0

This is a follow-up to a prior question I asked, but with a different ask/approach. In case it matters, I'm on GKE, but I'm hoping there's a cloud-agnostic answer.

I'm trying to run the container factoriotools/factorio, but the application has some particular requirements due to the use of an application-specific public server listing function, as seen in many video games that use user-hosted servers.

So far, I've been able to get things working with host networking, and direct connections to work with a NodePort Service. However, the application's public server listing function remains an issue for unprivileged containers.

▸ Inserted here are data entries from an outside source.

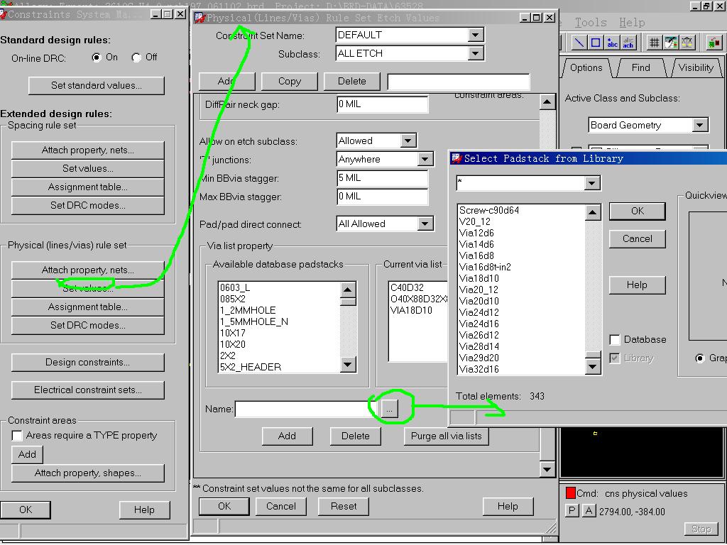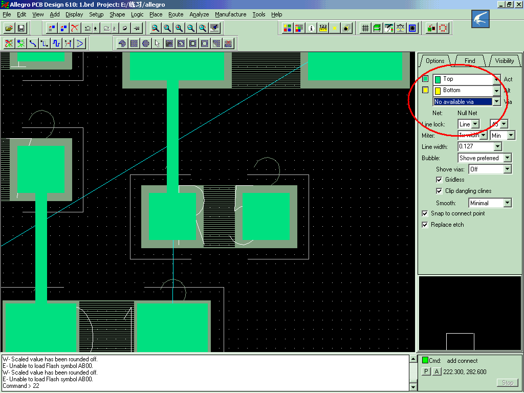 为何我拉线时加不了孔,在右边的控制面板中的VIA中提示:no aviailable via, 我估计是因为没有设置孔,但我不知道在哪设置孔,请高手指点,不胜感激!
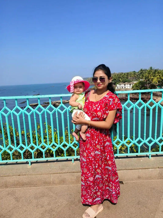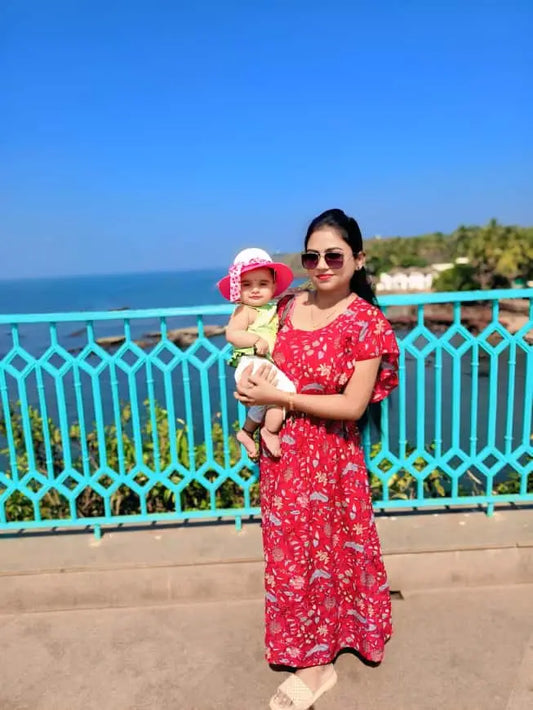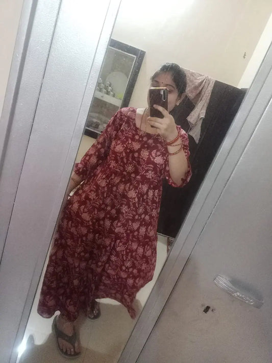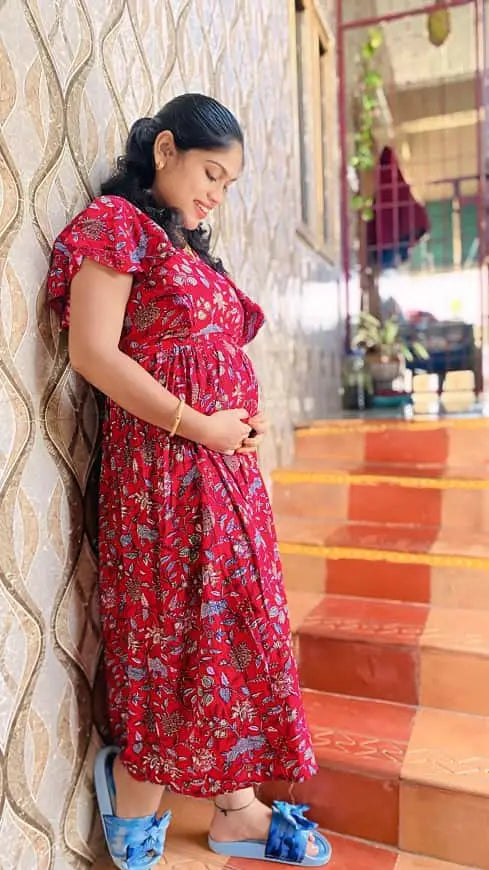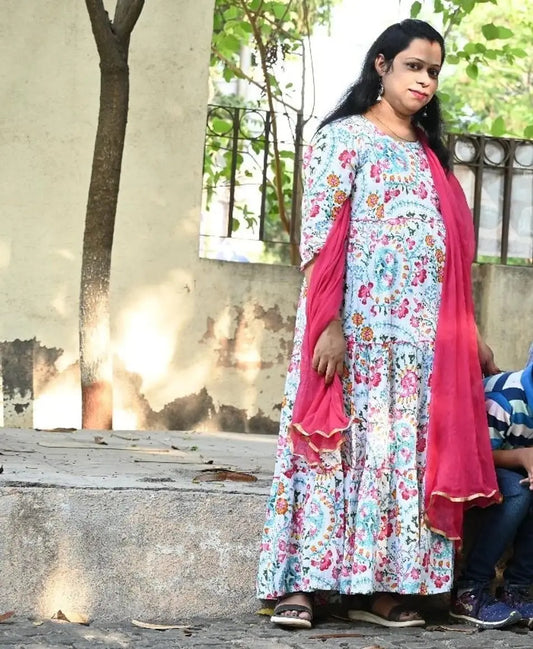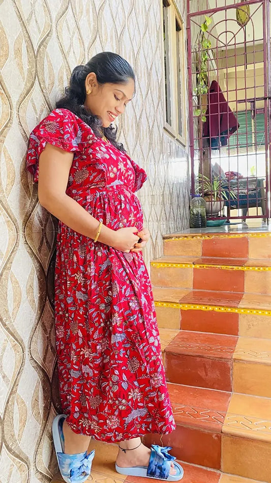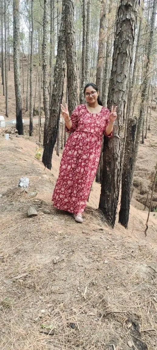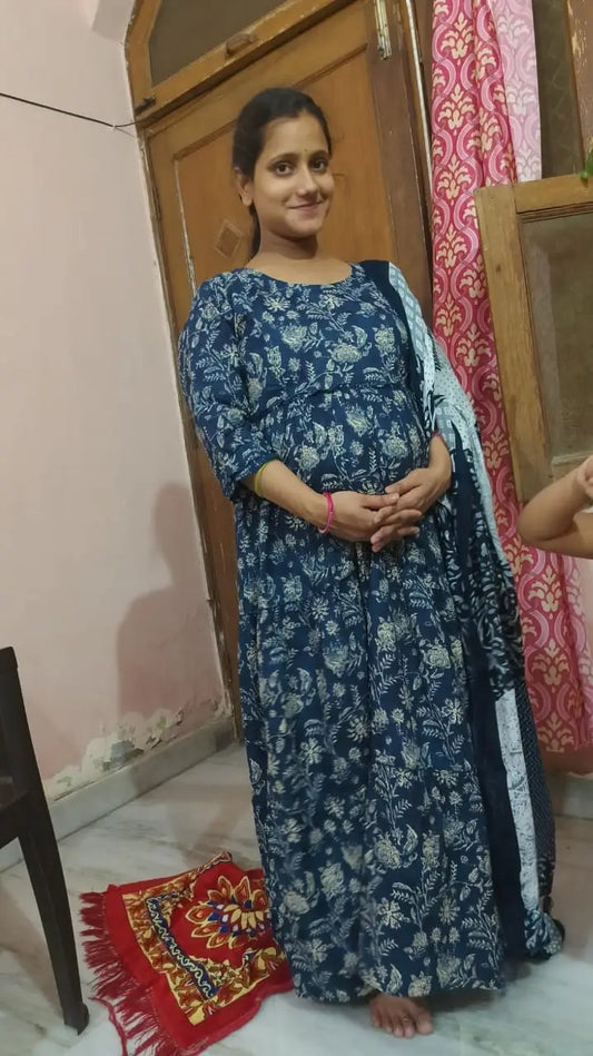 Cotton Maternity Feeding Dress – Elegant Floral Print, Nursing Friendly Kurti / Gown”
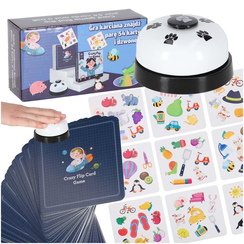 Gra na spostrzegawczość znajdź parę Crazy Flip 54 karty i dzwonek
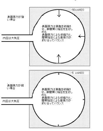 上の図のように表面張力が高いと肺胞の外側は強い陰圧になるので周辺との圧差は大きく、間質の浮腫を招きやすい。下の図のように表面張力が低ければ肺胞の外側の陰圧は小さいので、間質浮腫になりにくい。
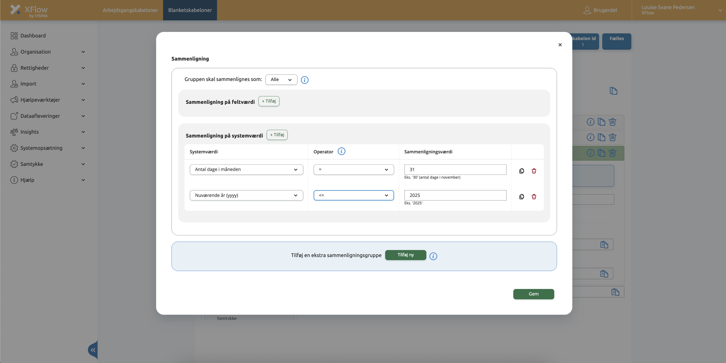 Sammenligningsfeltet er derfor udvidet med en ny sektion: “Sammenligning på systemværdi”, hvor du kan tilføje en eller flere betingelser baseret på nedenstående systemværdier:
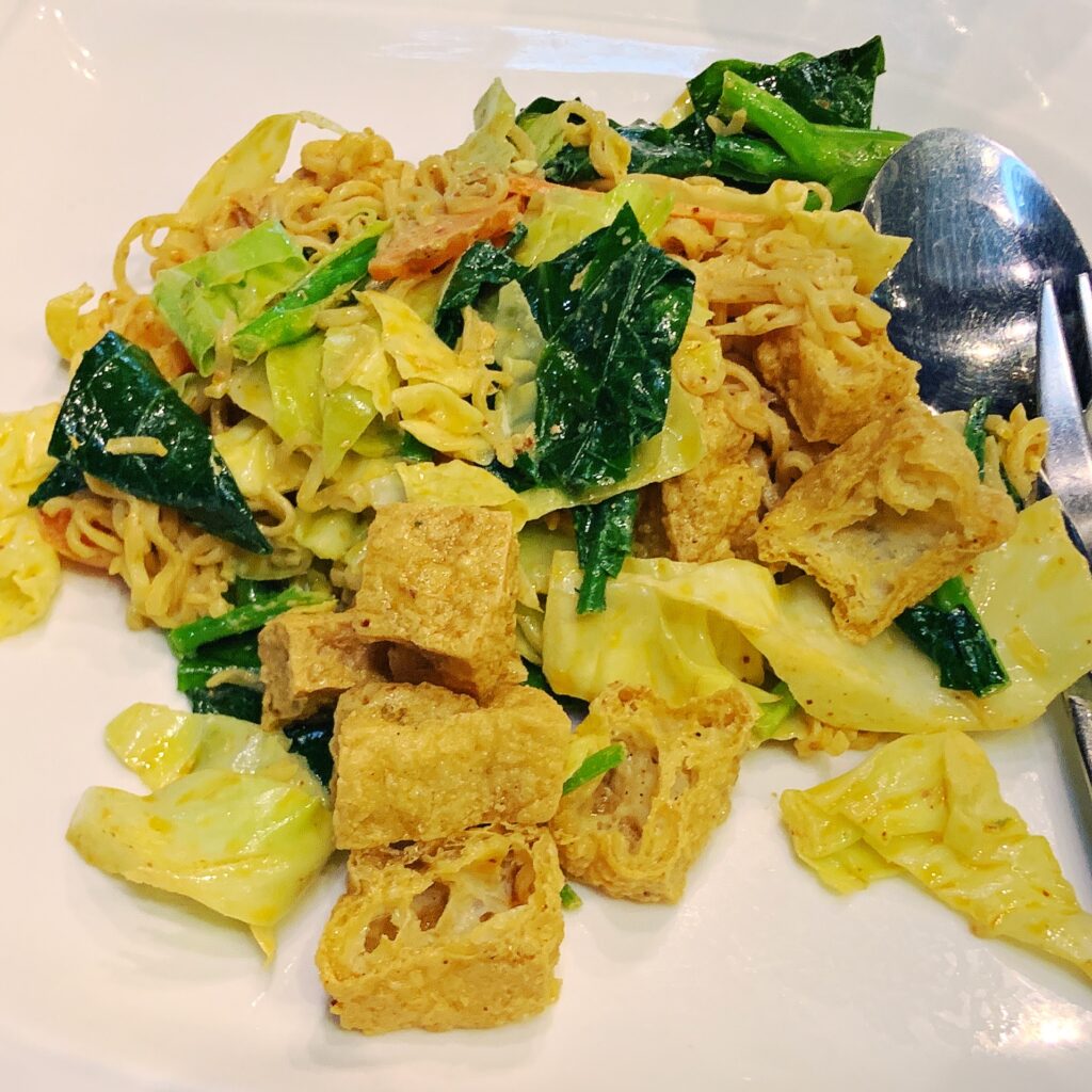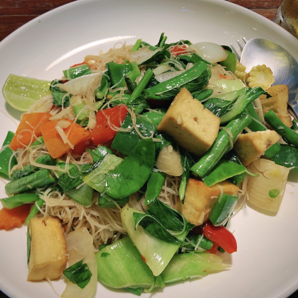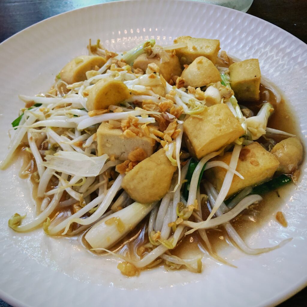 Ruokalista on varsin pitkä ja sisälsi lukuisia lähes samanlaisia annoksia. Tofun ohella proteiineina annoksissa oli ”veggie chicken”, ”veggie pork” ja ”veggie duck”. Tarkempaa tietoa niistä ei ollut, että mistä ne oli tehty ja kielimuurin vuoksi en edes yrittänyt kysyä. Ihan kaikki listalla ei ollut täysin vegaanista, siilä joihinkin annoksiin oli valittavissa munanuudelit. Tilasin paistetut nuudelit veggie chickenillä. Annoksen hinta ei päätä huimannut, 70 bahtia eli noin 1,87 €.
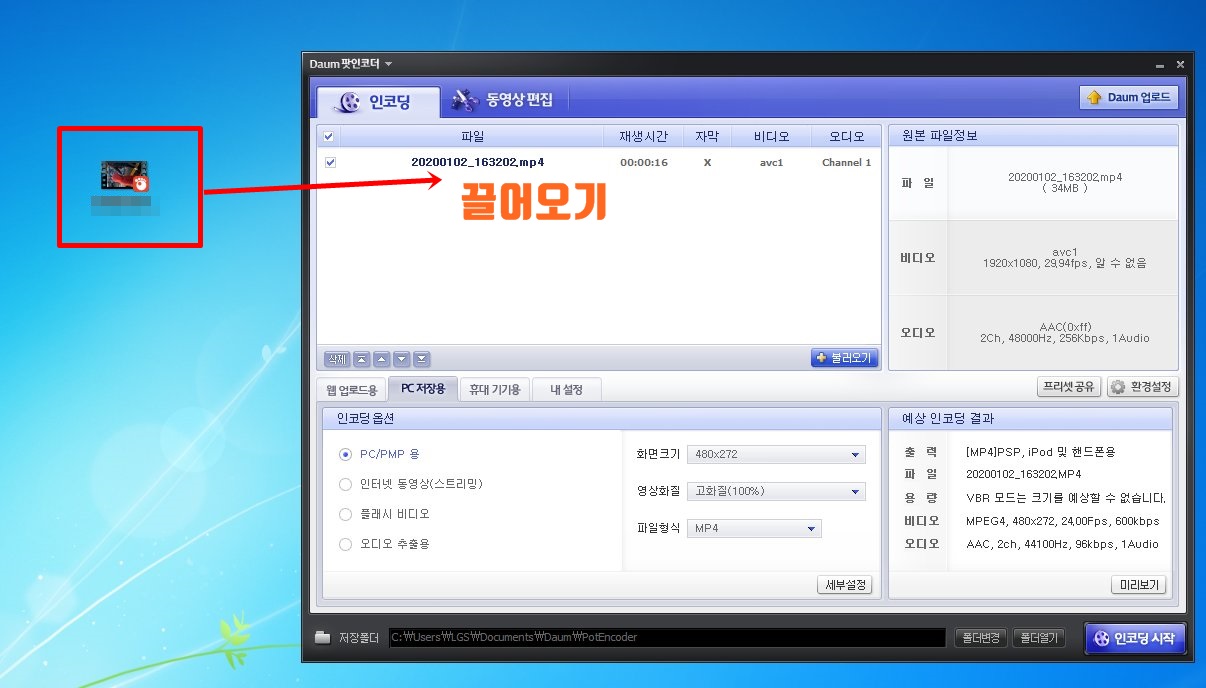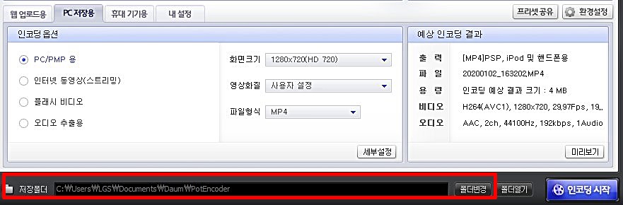 다음팟인코더 하단에 보시면 위와같은 저장 폴더가 있습니다.
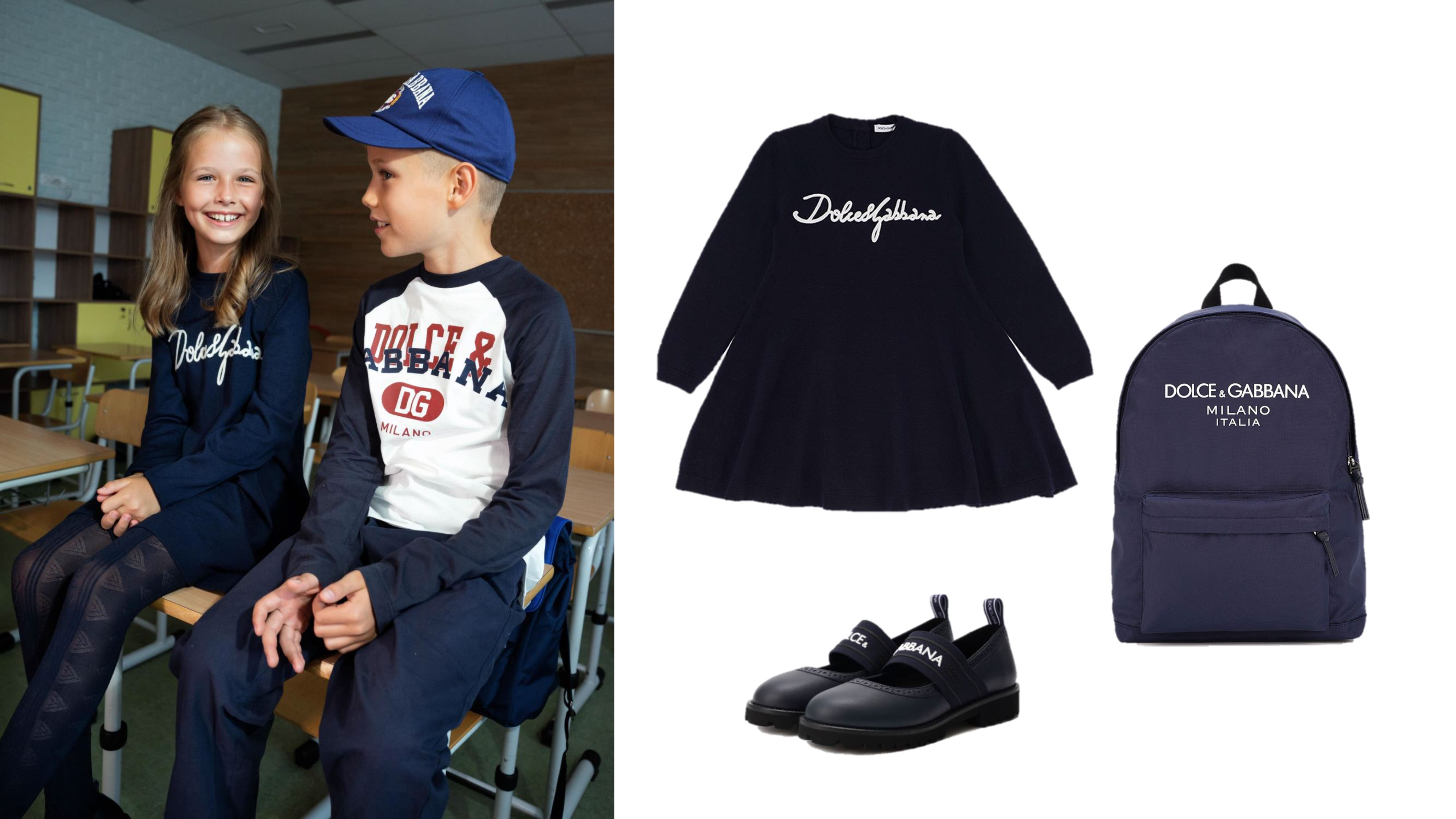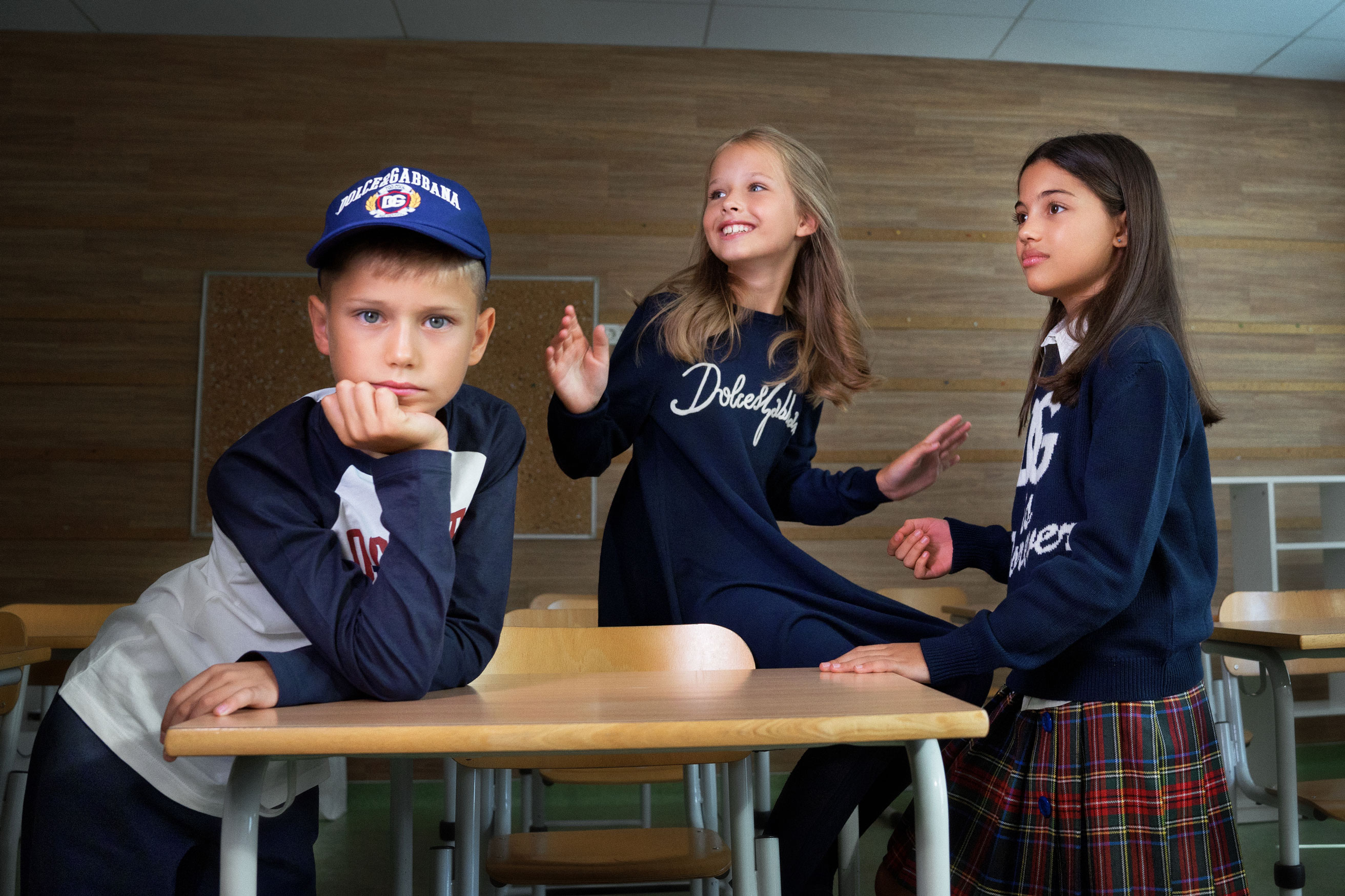 Гардероб для гри – так презентується дитяча колекція Back-to-School. Виходячи з неповторного стилю англійських коледжів, бачення Стефано і Доменіко переосмислює британську строгість у спортивному ключі.

Here's how Factorio figures out how to manage the public server listing:

  • The container listens on one socket, say UDP Port 34197.
  • The NodePort Service routes that traffic to 20635 publicly.
  • The container sends a ping over its listening port (34197) to a ping-pong server, and the ping-pong server replies with the IP address and port it received the ping from. Outside of k8s, this would be port 34197 still.
  • The container then uses this information to register with the server listing. IP Address, port, server name, and some other information.
  • In GKE, the ping-pong gets routed to an arbitrary unused port (say, 40792).
  • The container believes it is listening on a port other than the one I set up (20534), and then registers with the public server listing using the wrong port (40792, because the ping-pong server said so).
  • Any attempt to connect from the public server listing then fails; the client believes that the server is listening on the port the ping-pong server witnessed (40792), but the container has been interacting with its listening port (34197) the entire time.

(I've been told this process is a variation of how ICE/STUN work)

So that means that if the container listens on 34197, but Kubernetes routes that to 20635 externally, both inbound and outbound traffic need to go through 20635 on the public side in order for the application's built-in server listing function to work.

If I bypass the public server listing, and connect directly to the container's node's public IP address with port 20635, it works flawlessly. But that's a pretty massive compromise for what I'm doing.

Host networking bypasses this entire issue by allowing the container to directly open whatever port it wants to on the host. For hosts that are already publicly exposed, this means nothing on the host (especially not k8s) can re-route the container traffic through extra layers and change the port numbers. So when the container opens port 34197, it gets port 34197. When it sends on port 34197, that traffic is sent on port 34197. The ping-pong server sees the port it's supposed to see. And because it's a public UDP port, it doesn't matter who sent the traffic first; traffic is traffic, the port is the port.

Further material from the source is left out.